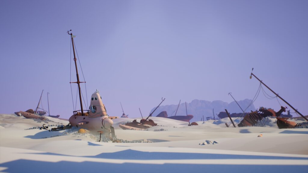 舞台は地球ではないが、赤茶けた地形や広大な空間は、どこか『Jusant』でも感じたアメリカ西部の荒野を思わせる。
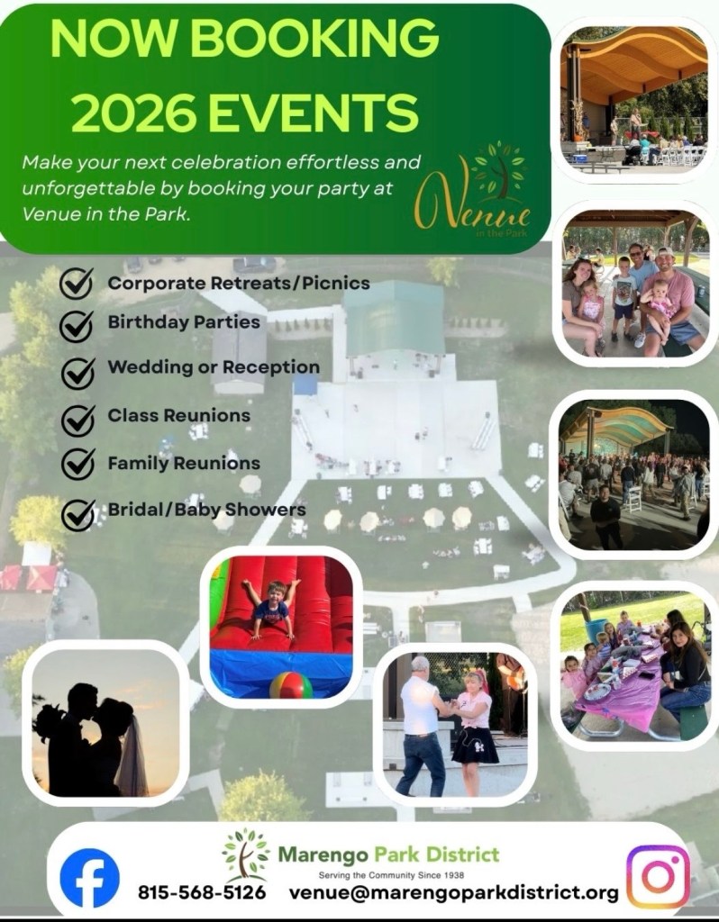 Book your summer family or class reunion, birthday party, corporate event, wedding or other event now at the Venue in the Park. Email venue@marengoparkdistrict.org.
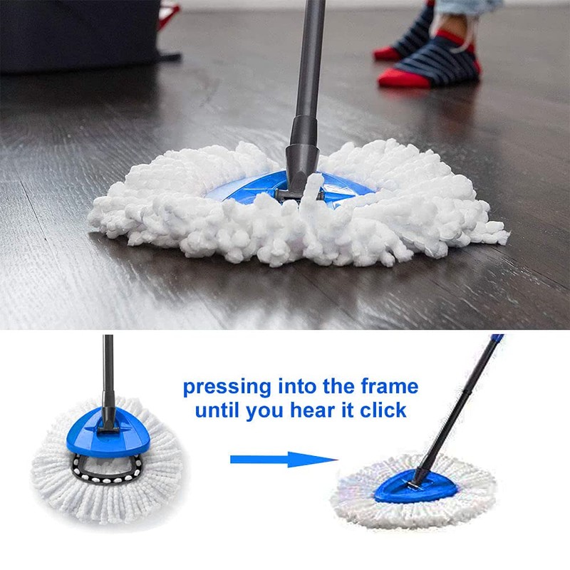 - 【Easy To Change】Follow the instruction to quickly and easily replace your mop head. Easy to replace by just pressing into the frame until you hear it click.

★ ★ ★ ★ ★ ★ ★

◆ WHAT THE TASK REQUIRES ◆
The data should be printed again unchanged; leave its pictures out.

◆ TASK RESPONSE ◆
 舞台は地球ではないが、赤茶けた地形や広大な空間は、どこか『Jusant』でも感じたアメリカ西部の荒野を思わせる。
 Book your summer family or class reunion, birthday party, corporate event, wedding or other event now at the Venue in the Park. Email venue@marengoparkdistrict.org.
 - 【Easy To Change】Follow the instruction to quickly and easily replace your mop head. Easy to replace by just pressing into the frame until you hear it click.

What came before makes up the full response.